The method also comprises the following steps: step six: generating a background with a color in the curved screen 5, wherein the color accords with memory contents as much as possible and assists in deepening memory;
generating a colored background on the curved screen 5, first requiring a color model on which the selection algorithm is based, which is a mathematical model used to represent color;
step six,: different color models have different application scenes, and the RGB model is suitable for devices such as a display, and the RGB color model is selected to generate the representation of different colors; RGB, commonly known as the three primary colors red (R), green (G), and blue (B), are the most widely used color models,
in the second step, in general development display processing, colors are processed using the model, for example: rgb (255, 0), red (0,255,0), green (0,0,255), blue (blue) by the variation of the three red, green and blue color channels and the mixing superposition of each other, using different intensities, showing different colors, which is an additive color mixture model, with brightness equal to the combination of the brightness of the colors during the superposition mixing, and with more brightness mixed higher;
and step six, three: a 24-bit type is selected, i.e. each color channel R, G, B is represented by 8 bits of data, 2 8 =256, so each channel can represent a color value of the (0-255) level, darkest at 0, brightest at 255;
step six, four: according to the correlation between the memory content and the color, determining a color model of the screen, looking up the color values to obtain specific RGB values of each channel, and setting the color of the screen.
The method also comprises the following steps: step seven: generating different-shape backgrounds, wherein adjacent memory contents are conveniently distinguished by using different shapes;
seventhly, step seven: several different shapes such as rectangle, circle, ellipse, polygon, etc. are selected. Sequentially and circularly drawing to ensure that adjacent contents cannot be in the same shape;
seventhly, step two: drawing different shapes, namely drawing the rectangle according to the parameters of the shape, wherein the parameters required by the rectangle are length and width, firstly, setting the position of the rectangle to be drawn on a screen, generally setting the left upper corner coordinates (x, y) of the rectangle, drawing the rectangle on the screen after determining the length and width, and setting the pixel points starting from x and y as specific color values according to preset colors to obtain the rectangle;
seventhly, step seven: drawing a circle, namely determining the position (x, y) of the circle on a screen, taking the position as the center of a circle, setting the pixel value of the circle for a circle as a specific color according to the radius r, and drawing the circle;
Seventhly, four steps: the drawing of an ellipse requires many parameters, and the center (x, y) of the ellipse, the length of the axis, the long radius l and the short radius s, and the deflection angle need to be determined. Thus, ellipses with different angles can be drawn;
seventhly, the steps are as follows: drawing a polygon, wherein the polygon firstly needs to determine the number n of sides of the polygon, and the number d of top points is set according to the number n of sides n =n, randomly giving the coordinates of each vertex (d 1 ,d 2 ,d 3 ,...,d n ) And connecting the vertexes in turn, and setting all pixel points to be of specific colors, so that polygons can be drawn on the screen.
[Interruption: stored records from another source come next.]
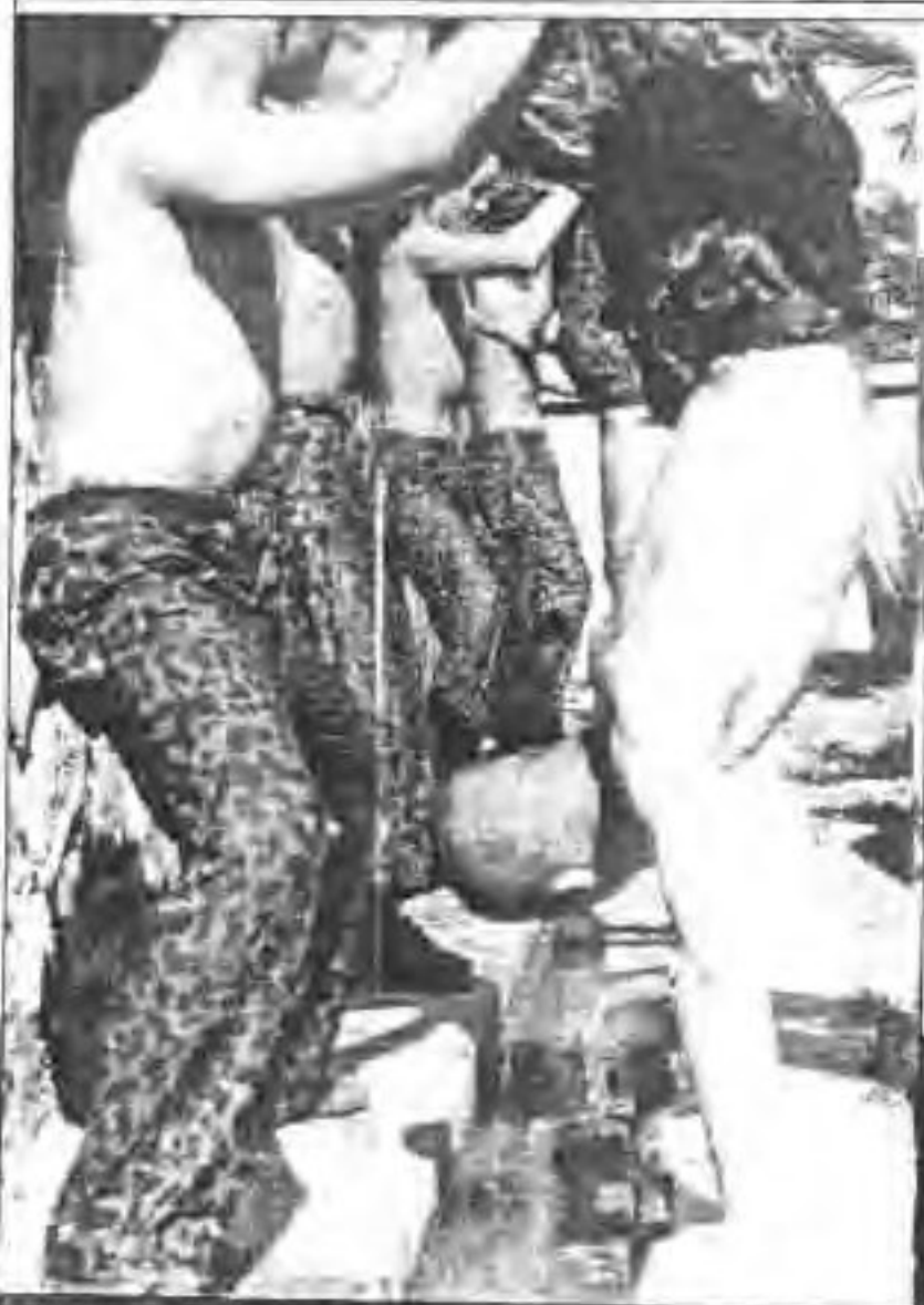
◀ 基本功训练——倒立—立 就是几小时。
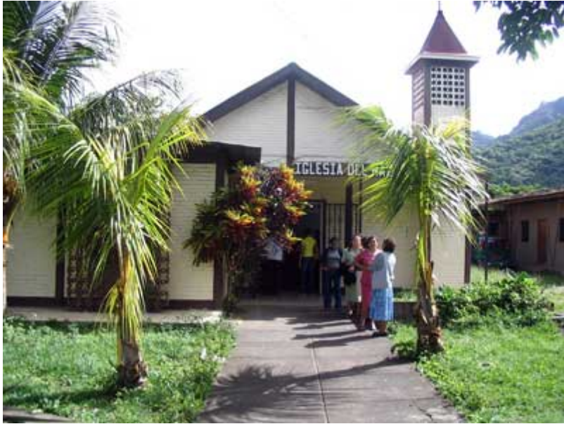
"La Iglesia del Nazareno en Jinotega, Nicaragua"
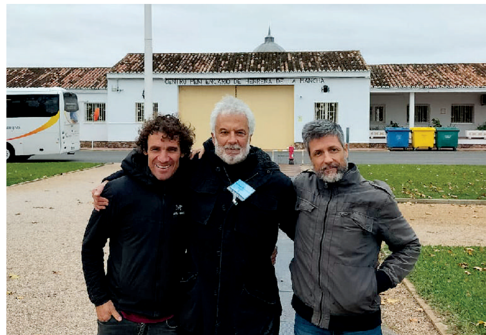
Voluntarios colaborando en el trabajo de género con un taller de cine en el centro penitenciario de Herrera de la Mancha.

Las actividades se realizan en las dependencias adaptadas del Módulo específico que está aislado del resto y en dependencias comunes del centro penitenciario (actividades deportivas y formativas). Se desarrollan en coordinación con el equipo de profesionales del centro penitenciario y con otros recursos externos (seguimientos en salidas de permiso, derivaciones posteriores, etc.).

The mel cepstrum coefficient extraction process comprises the steps of preprocessing, fast fourier transformation, mei filter bank, logarithmic operation, discrete cosine transformation, dynamic feature extraction and the like;
the fast fourier transform is a general term, FF, of an efficient, fast computing method for computing a Discrete Fourier Transform (DFT) using a computer;
two arguments of fourier:
the periodic signal may represent a weighted sum of sinusoidal signals in harmonic relation;
the non-periodic signal can be represented by a weighted integration of the sinusoidal signal;
four rows: FS (continuous, periodic signal, infinite), FT (continuous, non-periodic signal, infinite), DFS (discrete, periodic signal, infinite), DTFT (discrete, non-periodic signal, infinite) steps are as follows:
Step 1: the signal x is decomposed into two sub-signals, even sample point signals: x [2n\right ]; odd sample point signal: x [2n+1\right ];
step 2: the two summation terms are understood to be two DFTs of length N/2\frac { N } {2}
Step 3: a specific calculation process of FFT;
n additions are performed for any k, so DFT has N2 multiplications and N-1 additions are performed for any k.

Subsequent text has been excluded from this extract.